Confirmation of repeated patterns of neurons indicates stereotypical organization throughout brain's cerebral cortex

Neurons are arranged in periodic patterns that repeat over large distances in two areas of the cerebral cortex, suggesting that the entire cerebral cortex has a stereotyped organization, reports a team of researchers led by Toshihiko Hosoya of the RIKEN Brain Science Institute. The entire cortex has a stereotypical layered structure with the same cell types arranged in the same way, but how neurons are organized in the other orientation—parallel to the brain’s surface—is poorly understood.

Hosoya and his colleagues therefore examined layer V (5) of the mouse cortex, which contains two classes of large pyramidal neurons that look identical but differ in the connections they form. One projects axons straight down to regions beneath the cortex; the other projects to the cortex on the opposite side of the brain.

First, the researchers examined expression of the id2 gene in cells of the visual cortex, because these cells form clusters in that part of the brain. They found that id2 is expressed in nearly all cells that project axons downward, but not in those that cross over. Hosoya and colleagues verified this by visualizing the connections of cells using fluorescent cholera toxin, which binds to cell membranes and travels along the axons.

Further examination of gene expression patterns in tissue slices revealed that the cells are arranged in clusters aligned perpendicular to the brain’s surface, and that the clusters are organized in a regular pattern, with the same basic unit repeating every thirty micrometers (Fig. 1). They also observed the same pattern in layer V of the somatosensory cortex, suggesting that this organization is common to all other areas.

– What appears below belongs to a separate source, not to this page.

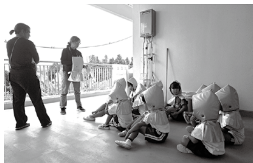
防災頭巾をかぶり避難する幼稚園の皆さん

令和7年11月5日(水)、津波防災の日・世界津波の日に合わせて、令和7年度沖縄県広域地震・津波避難訓練が行われた。この訓練は、沖縄県地域防災計画に基づき、大規模地震・津波の発生を想定し、県民等の避難行動に特化した県下全域を対象とする実践的な訓練を通して、地震・津波に対する防災意識の啓発や津波避難計画等の検証を行うことにより、地震・津波災害にかかる防災体制の向上を図ることを目的としている。

By generating a strain of mutant mice expressing green fluorescent protein in the progenitor cells that produce the cells in layer V during brain development, Hosoya and his colleagues investigated the embryonic origin of these cells. This revealed that each cluster contains neurons that are produced by different progenitor cells.

Finally, the researchers showed that the regular pattern persists in the adult visual cortex, and that neurons in each cluster show the same activity patterns in response to visual stimulation. “Our preliminary data suggest that at least several other areas in the cortex have the same structure,” says Hosoya. “It’s likely that the entire cortex has the same organization, and I expect that the human cortex has the same structure.”